Wound Dressings – Healing Treatment Across the Continuum
Diabetes UK estimates that diabetic patients are 30 times more likely to have an amputation compared to general population. With such high probability, a large number of amputation surgeries are witnessed each year, subsequently requiring effective wound dressing to prevent infection post-surgery. Wound dressings are broadly classified into three categories, namely active, passive, and interactive dressings. While passive wound dressings have protective function, active wound dressings promote healing by creating a moist wound environment. Thus, demand for advanced wound dressings such as hydrogels and foams would subsequently increase. Interactive dressings on the other hand, create a moist wound environment and also interact with the wound bed components to enhance wound healing. Dressings such as hydrogels and alginates require secondary dressing, as they are permeable and non-occlusive. Composites multi-layer dressings are relatively expensive and can be used for primary and secondary wound dressing. The global wound dressings market is expected to be driven by increasing demand for advanced wound dressings.

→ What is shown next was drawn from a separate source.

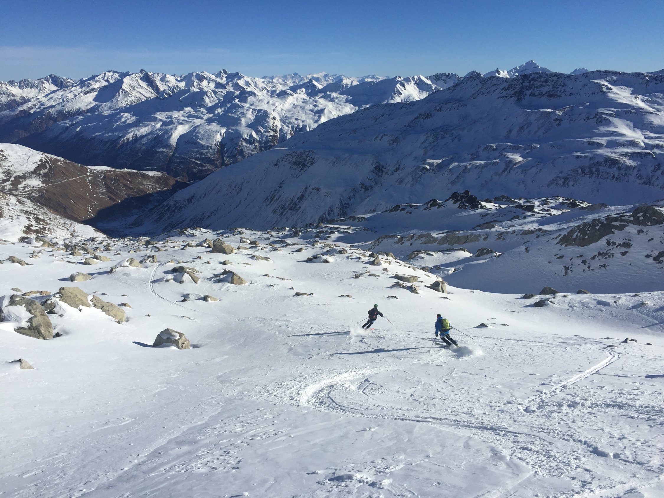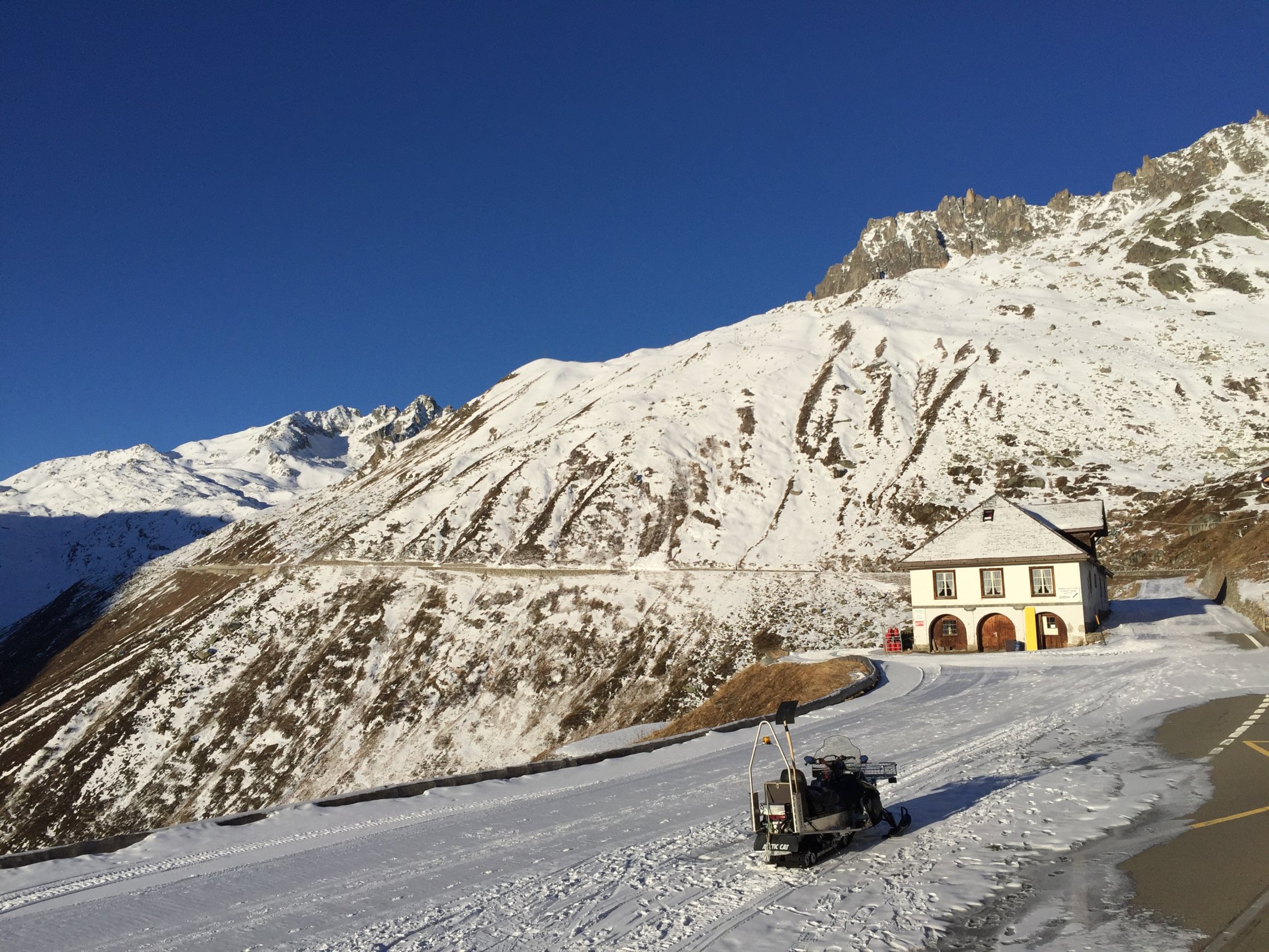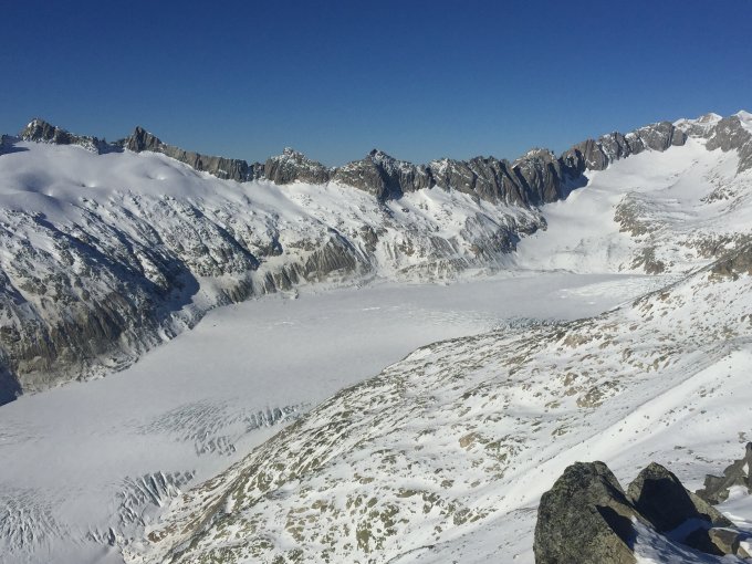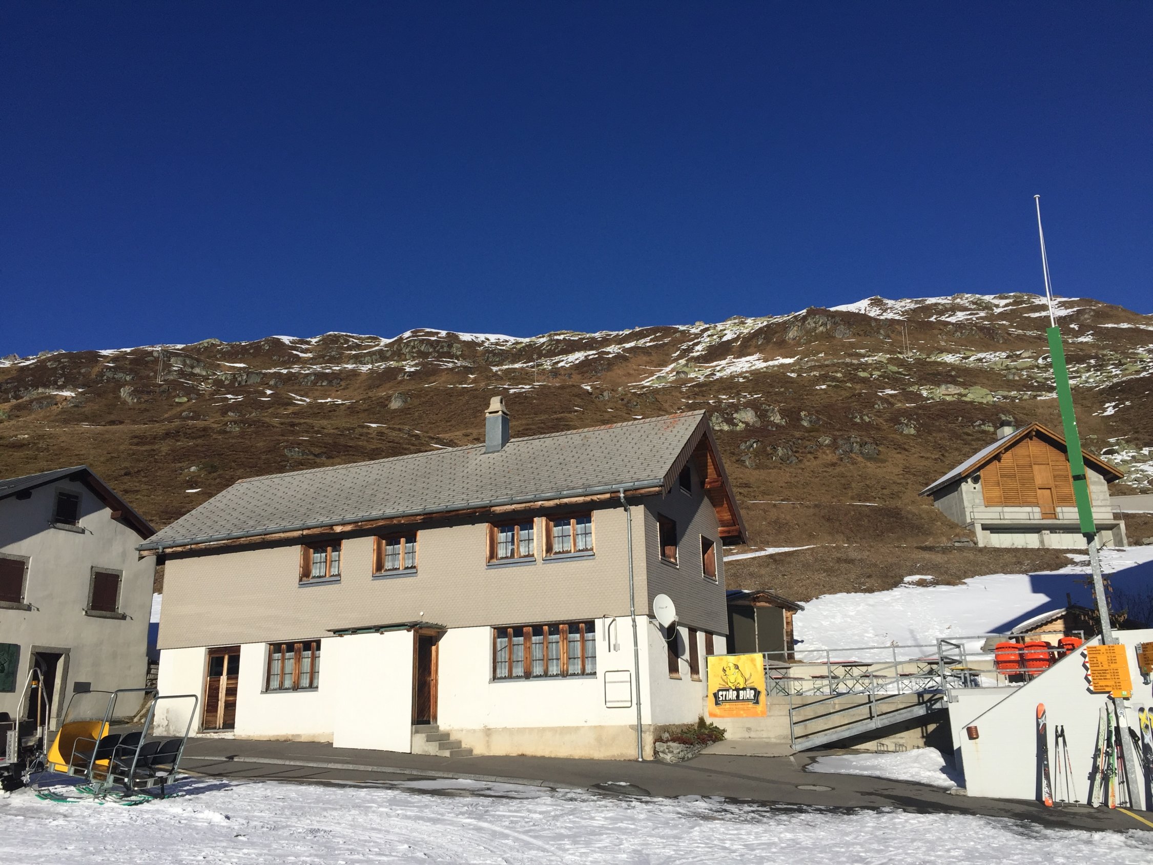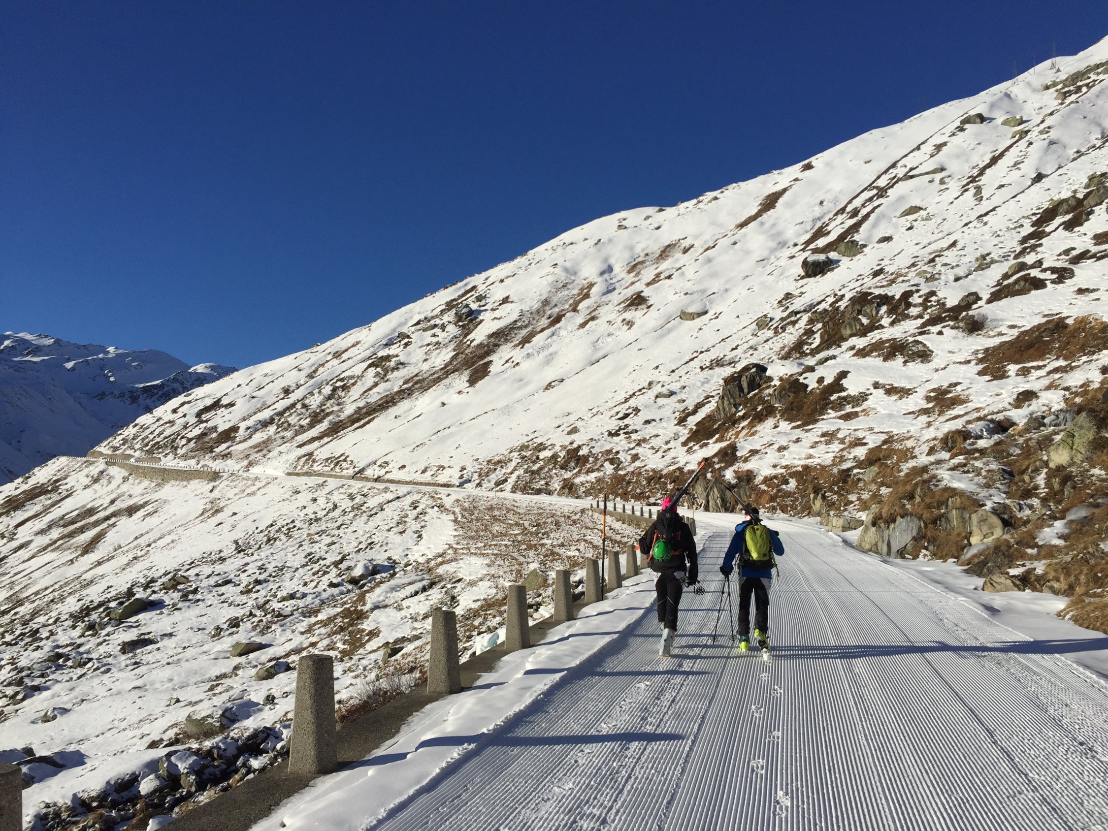 Das Kleine Furkahorn machen wir normalerweise im Frühling. Heute wollten wir wieder mal Sonne auf der Skitour und stiegen vom Tiefenbach der Passstrasse entlang und weiter ab dem Sidelenbach zum Gipfel. Wir waren die einzigen die auf das Kleine Furkahorn stiegen. Fast windstill konnten wir das Panorama geniessen. Der Schnee in der Abfahrt war recht gut mit viel Abwechslung gespickt. Die Passtrasse ist perfekt gepistet. Das Hotel Tiefenbach wird zur Zeit von Wanderern ohne Schlitten als Tagestour gemacht, da unten bis zum Hotel Galenstock kein Schnee liegt. Das Restaurant ist offen und ist zu empfehlen für Speis und Trank. Auf dem Weg Richtung Alberheim Hütte liegt fast kein Schnee mehr.

The global wound dressings market was valued at US$ 8,269.5 million in 2015 and is expected to witness a moderate CAGR of 6.0% during the forecast period (2016 – 2024).

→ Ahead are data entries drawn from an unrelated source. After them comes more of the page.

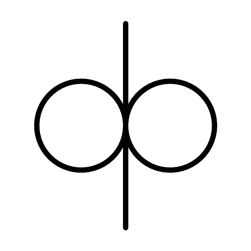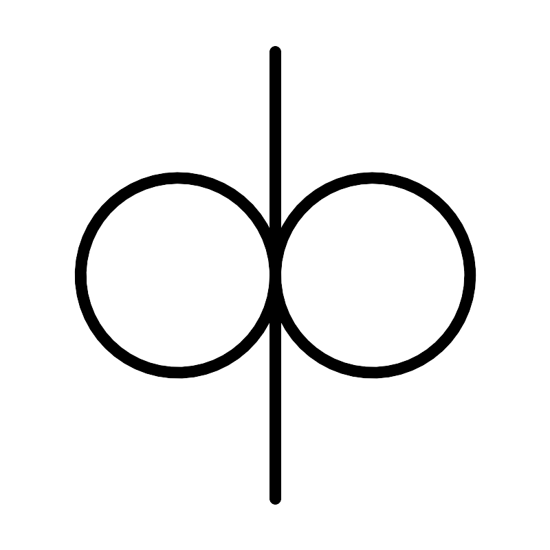 <svg width="800px" height="800px" viewBox="0 0 48 48" xmlns="http://www.w3.org/2000/svg"><defs><style>.a{fill:none;stroke:#000000;stroke-linecap:round;stroke-linejoin:round;}</style></defs><line class="a" x1="24" y1="43.5" x2="24" y2="4.5"/><circle class="a" cx="32.5" cy="24" r="8.5"/><circle class="a" cx="15.5" cy="24" r="8.5"/></svg>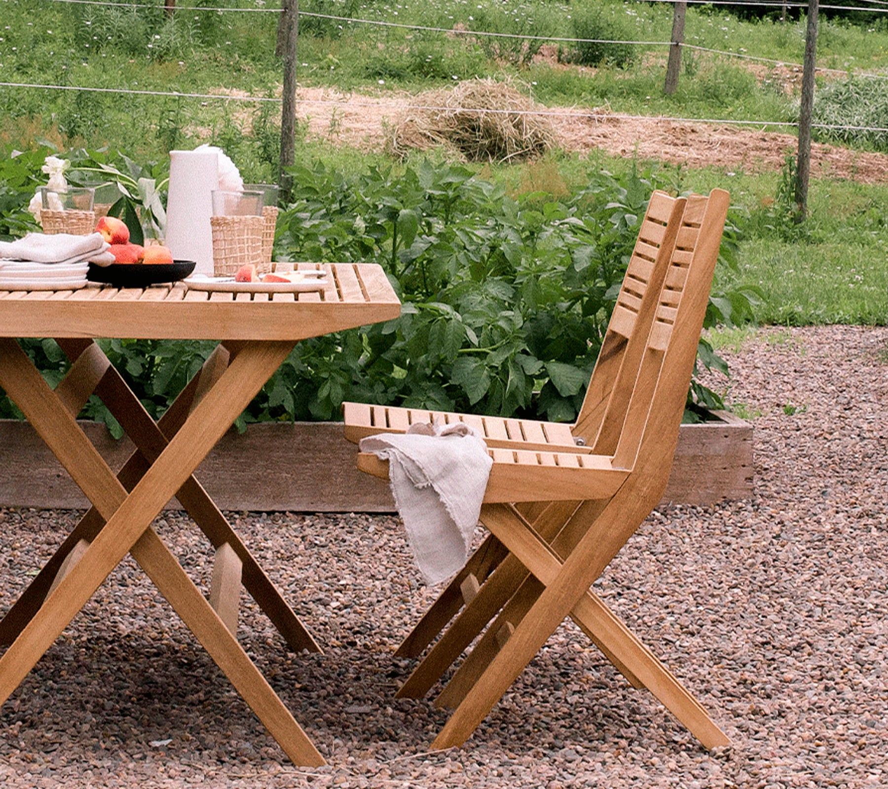 Flip is a folding chair made of teak. Flip is a new interpretation of the classic folding chairs with an emphasis on superb design and quality. The Danish duo Strand+Hvass are the designers behind the attractive design. The warm teak adds an inviting glow to the simple and elegant folding chairs. Flip folding chairs are ideal in cramped outdoor spaces with limited storage space. The folding chairs are also available with cushions that provide added comfort.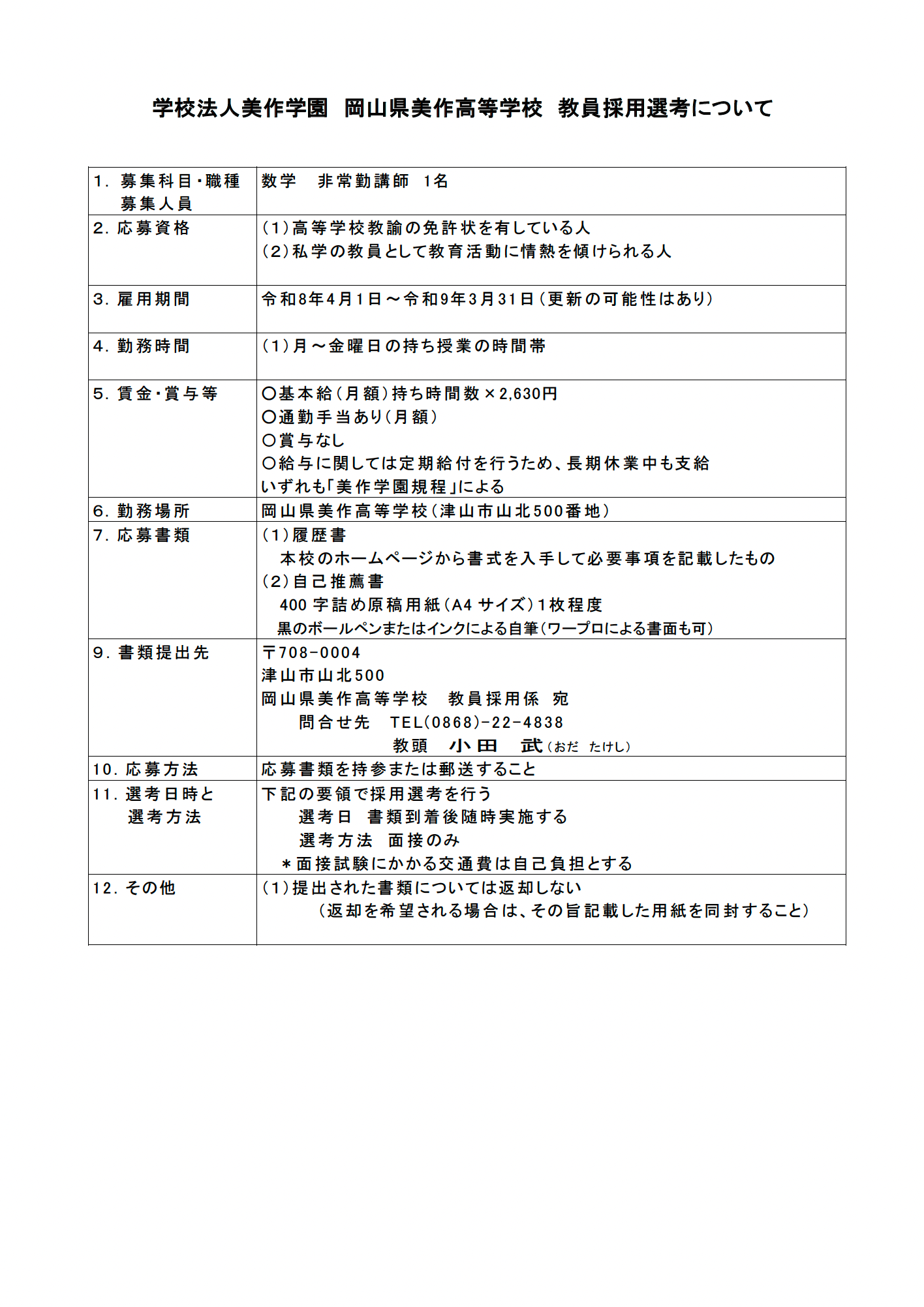 2026年4月1日  国語2名・英語1名・理科1名・数学1名・情報1名

High patient pool to contribute towards positive global wound dressings market outlook
According to the American Diabetes Association (ADA), diabetic foot ulcers have been estimated to affect 1% to 4% of diabetic population annually in the U.S. Besides, according to Diabetes UK, prevalence of diabetic foot ulcers in diabetic patients is estimated to be 2.5%, accounting for nearly 86,000 people in the U.K. in 2015. Moreover, according to the organization there are nearly 7,400 leg, foot or toe amputation procedures every year in England. The American Journal of Internal Medicine estimates that nearly half of the diabetic population in Canada have at least one hospitalization in their lifespan for treatment of diabetic foot infection.

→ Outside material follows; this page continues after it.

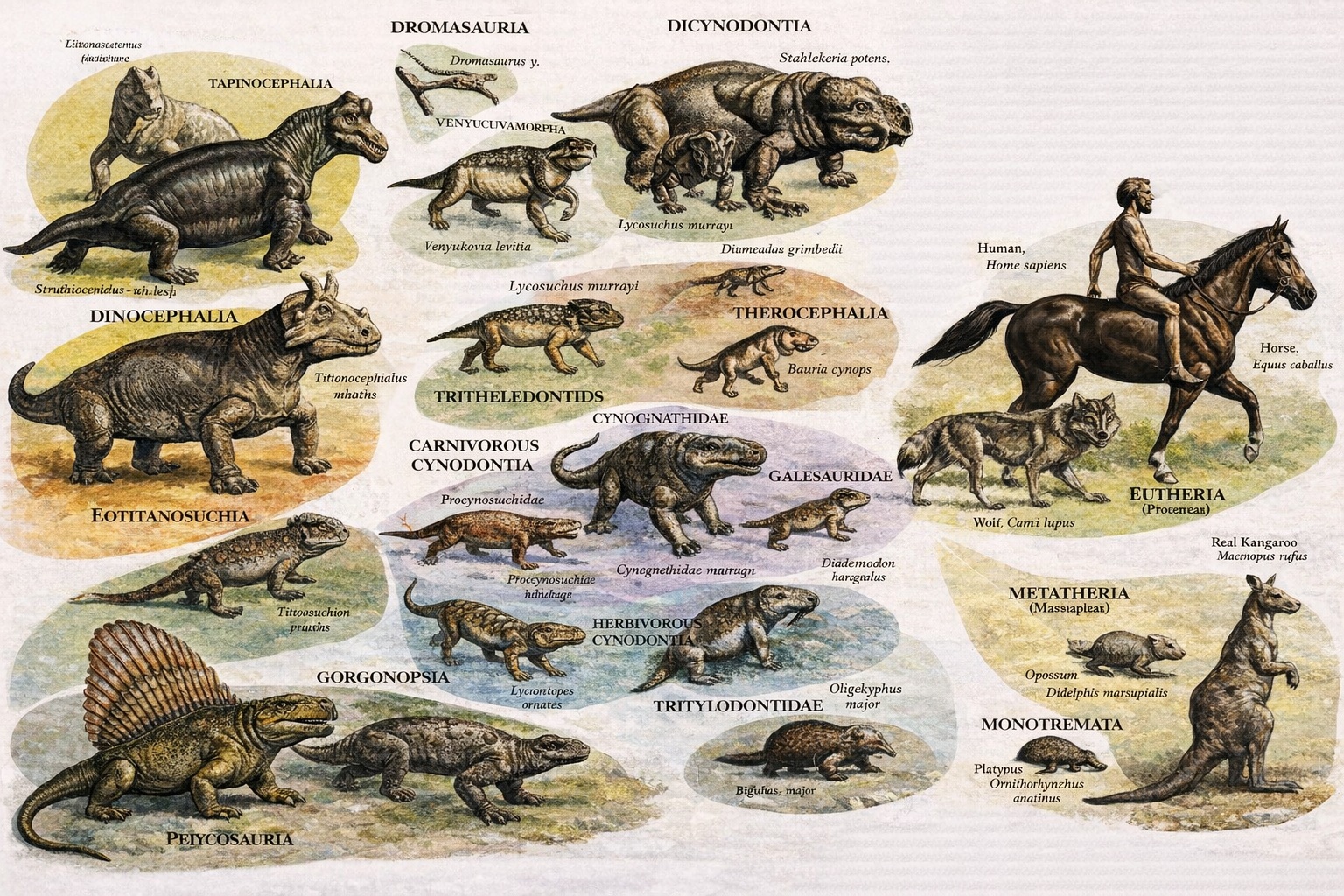 Αν θελήσουμε λοιπόν να κάνουμε μια χονδρική αντιστοίχηση με τις ισχύουσες σήμερα επιστημονικές υποδιαιρέσεις των περιόδων, θα δούμε ότι η πέμπτη δημιουργική ημέρα ξεκινάει περίπου στο τέλος της Δεβόνιας περιόδου, 419,62 έως 358,86 εκατομμύρια έτη,6 με αρχή της Λιθανθρακοφόρου, όπου τα πρώτα αμφίβια ξεκίνησαν να αποικίζουν τη ξηρά. Ήδη κατά την πρώιμη Λιθανθρακοφόρο περίοδο, 358,86 έως 298,9 εκατομμύρια έτη, είχαμε σχηματισμένα ερπετά, όπως τα εννοούμε σήμερα. Καλύπτει λοιπόν πλήρως τη Λιθανθρακοφόρο η πέμπτη δημιουργική ημέρα της Γένεσης. Όμως αυτή η πέμπτη δημιουργική ημέρα δεν τελειώνει με την εμφάνιση ερπετών που ζουν στη ξηρά. Επεκτείνεται ως την εποχή των θηλαστικών, δηλαδή καλύπτει επίσης την Πέρμια περίοδο, 298,9 έως 251,902 εκατομμύρια έτη, και η πέμπτη δημιουργική ημέρα τελειώνει στην Τριασική περίοδο, η οποία διήρκεσε 251,902 έως 200,4 εκατομμύρια έτη.7 Γιατί από τότε, όπως θα δούμε στη συνέχεια, έχουν βρεθεί ζώα που μοιάζουν με τα σημερινά ζώα, τα θηλαστικά. Εδώ τίθεται το εξής πρόβλημα. Η δημιουργία των πρώτων θηλαστικών συμπίπτει σε μεγάλο βαθμό με την εποχή των ερπετών που έζησαν κατά την πέμπτη δημιουργική ημέρα. Από πότε λοιπόν πρέπει να ξεκινήσουμε την αρχή της έκτης δημιουργικής ημέρας; Εδώ η Γένεση μας δίνει κάποιο σημάδι, γιατί δεν αναφέρει μόνο τα κήτη αλλά και τα ιπτάμενα ερπετά ως μέρος της πέμπτης δημιουργικής ημέρας. Όσον αφορά τα πτηνά που αναφέρει η Γένεση, (ή «πετεινά»), σημαίνει ζώα που πετάνε. Είναι λοιπόν σαφές στη Γένεση, στο χωρίο που εξετάζουμε, ότι από τα ύδατα εξελίχθηκαν ερπετά, κήτη και πτηνά. Το ότι αναφέρεται σε αυτά η Γένεση δείχνει ότι η πέμπτη δημιουργική ημέρα συνεχιζόταν και όταν εμφανίστηκαν τα ιπτάμενα αυτά ερπετά. Πότε λοιπόν συνέβη η εξέλιξη των πτηνών, σύμφωνα με τους επιστήμονες; Τα δύο είδη διαφορετικών ιπτάμενων ερπετών που έζησαν στις περιόδους αυτές, για τις οποίες μιλήσαμε στην πέμπτη δημιουργική ημέρα, είναι δύο εντελώς διακεκριμένες μεταξύ τους οικογένειες. Είναι οι Πτερόσαυροι, που έζησαν από τουλάχιστον 228 εκατομμύρια χρόνια έως 66 εκατομμύρια έτη πριν10 και εξαφανίστηκαν χωρίς να αφήσουν απογόνους, και μιλάμε και για τους ιπτάμενους δεινοσαύρους, που και αυτοί πετούσαν στην ίδια περίοδο με τους πτερόσαυρους. Μόνο που οι τελευταίοι αυτοί, αν και σήμερα δεν υπάρχουν, άφησαν απογόνους, τα σημερινά πουλιά. Τα πλάσματα αυτά ήταν όντα της πέμπτης δημιουργικής ημέρας, της εποχής που κυριαρχούσαν στη γη τα ερπετά. Προσέξτε. Η πέμπτη δημιουργική ημέρα μιλάει ΣΑΦΕΣΤΑΤΑ για υδρόβια ΕΡΠΕΤΑ, και όχι για ψάρια, όπως νόμισαν παλαιότερα κάποιοι χριστιανοί ή όπως θέλουν να ισχυρίζονται σήμερα ορισμένοι για να βρίσκουν υποτιθέμενες αντιφάσεις της Αγίας Γραφής με την επιστήμη. Τα ψάρια υπήρχαν βεβαίως πολύ νωρίτερα, αλλά η Γένεση δεν τα αναφέρει καθόλου. Δεν ασχολείται με αυτά. Το ότι η πέμπτη δημιουργική ημέρα καλύπτει όλη αυτή την τεράστια περίοδο, φαίνεται από την αναφορά της Γένεσης στα ερπετά κήτη και στα ερπετά πτηνά. Η πέμπτη δημιουργική ημέρα περιλαμβάνει και κήτη, όχι φάλαινες ούτε δελφίνια. Μιλάει για ερπετά εκεί, ερπετά που κολυμπούσαν στα ύδατα. Πρόκειται για πλάσματα που εξελίχθηκαν και πάλι σε υδρόβιους οργανισμούς από αυτά που είχαν ήδη βγει στη ξηρά. Και προφανώς περιλαμβάνει ακόμα και κάποια αρχαιότατα είδη κροκοδείλων, που εξελίχθηκαν σε υδρόβια.

According to the World health Organization (WHO), there are nearly 265,000 deaths globally every year due to burns. Moreover, as per WHO, over 100,000 people in India suffer from burns every year, while burns are the second most common injury in Nepal accounting for 5% of disabilities.
Considering the high prevalence and incidence rate, market players have opportunities to capitalize on different patient groups in the wound dressings market.
High cost of products impeding wound dressings market growth
According to 2015 report by The College of Podiatric Medicine, 9%-20% of patients in the U.S. with diabetic foot ulcers require hospitalization. Furthermore, the report states that cost of treatment of diabetic foot ulcer increase with age and the cost of treatment with advanced wound dressings sometimes may be double than conventional wound dressings. Higher cost of treatment with advanced wound care is also associated with comorbidities associated with diabetic foot ulcer. Moreover, according to WHO, burn injuries are more prevalent in low and middle income countries. Therefore, companies need to accordingly develop cost-effective products that cater the large patient population in low and middle income countries in Asia, Africa and Latin America. Wide availability of affordable products would fuel growth of the wound dressings market in these regions during the forecast period.